In his first term, the advice was take Trump seriously but not literally — the second part is no longer true. The transformation he’s planning during his second term will be painful; the questions are how much it will hurt and how long will it take.

The bright spot in next month’s first quarter results will be investment banks’ trading operations. The market volatility sparked by on-again, off-again tariffs and mounting fears of a slowdown has been a boon for equities desks as investors react to an erratic news cycle and seek a more defensive balance to their holdings. Goldman Sachs Group Inc., JPMorgan Chase & Co. and Morgan Stanley will reap rewards from this, as could some European names such as UBS Group AG.

The worry is that once portfolio managers have repositioned and taken money off the table, they could sit on the sidelines until the uncertainty of Trump’s scattergun approach subsides. Traders could be left twiddling their thumbs. A more optimistic view — at least for the banks — would see investors continuously reacting to volatile news flow; but experience suggests a wait-and-see approach is likely to be the preferred tactic for many investors.

The other side of investment banking has already hit a wall. Mergers, acquisitions and new stock market listings got off to a slower start than expected in January and even worse than in 2024 — and that was before Trump’s inauguration. Hopes for a boom were high because November’s election seemed destined to turbocharge long-suppressed activity. The big US investment banks clocked 36% average growth in investment banking fees in the fourth quarter of last year compared with the year-earlier period.
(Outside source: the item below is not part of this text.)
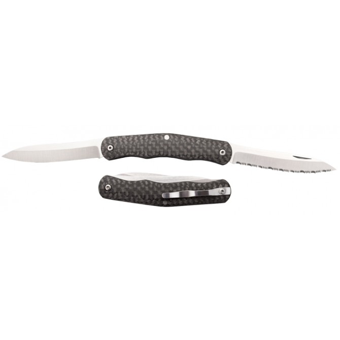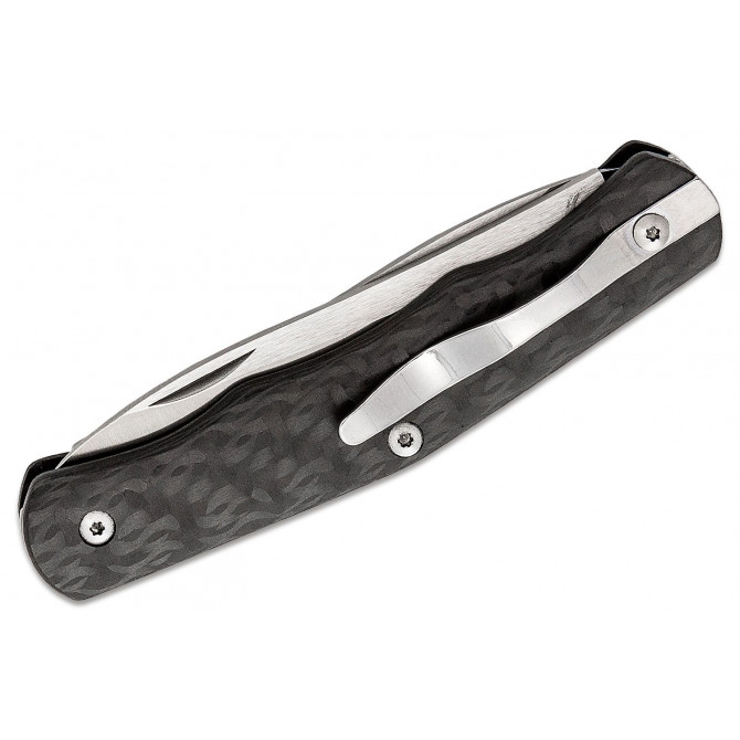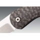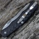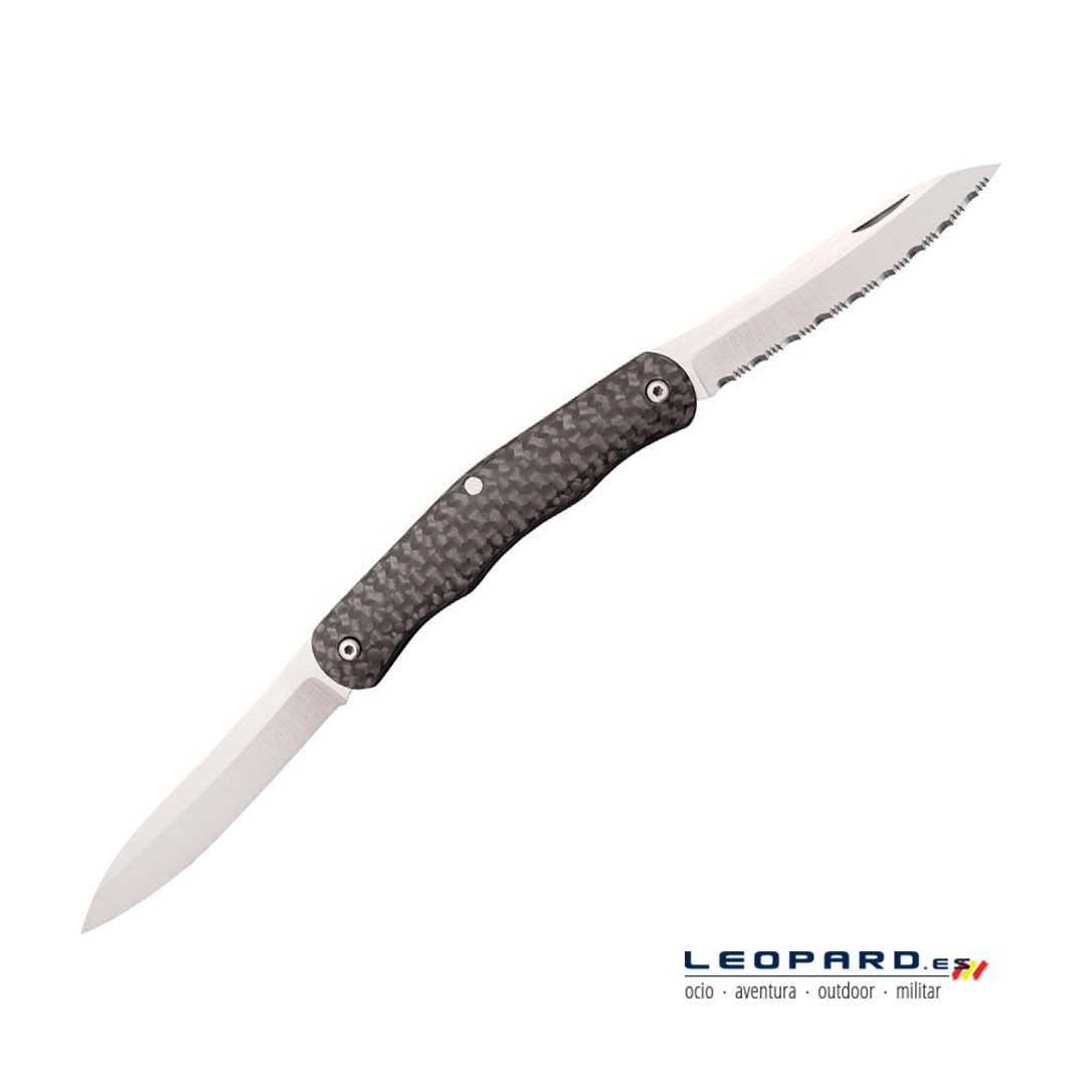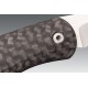 Las cachas de esta navaja están fabricas en fibra de carbono, un material compuesto por hebras de carbono que se entrelazan y curan a alta presión. El resultado es un material resistente y ligero que ofrece una gran durabilidad ante impactos o temperaturas extremas.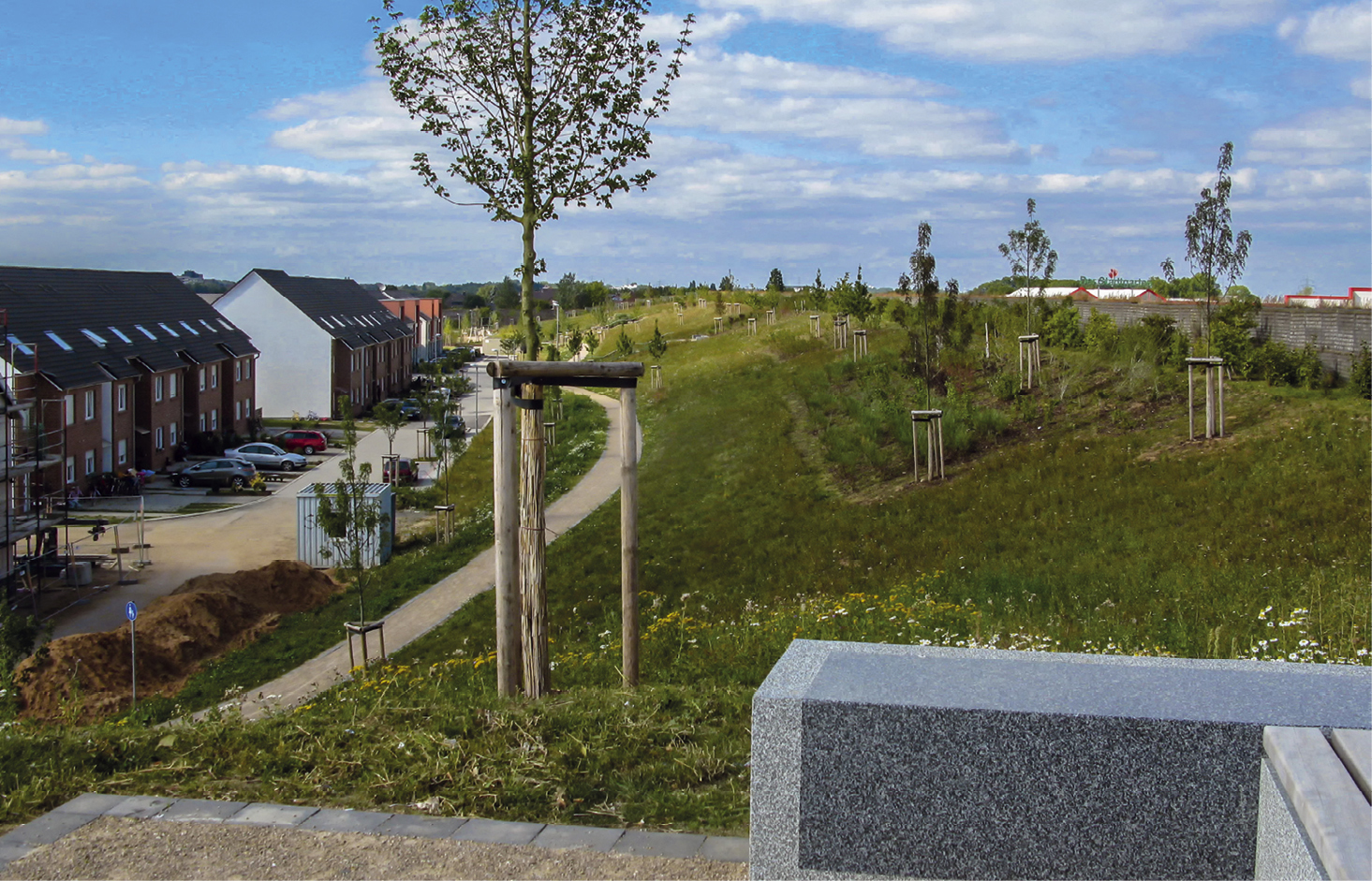 gestaltet mit speziellen Begrünungen wie zum Beispiel Einsaaten oder

Since then, Trump’s tariff flip-flopping and his surprising moves to pick fights with close neighbors and allies have left bosses and private-equity managers confused at best. There’s still a pipeline of pent-up dealmaking and fundraising — private equity firms need to sell long-held businesses — but none of this is getting done until there’s clarity on tariffs, the likely path for interest rates and stable equity markets.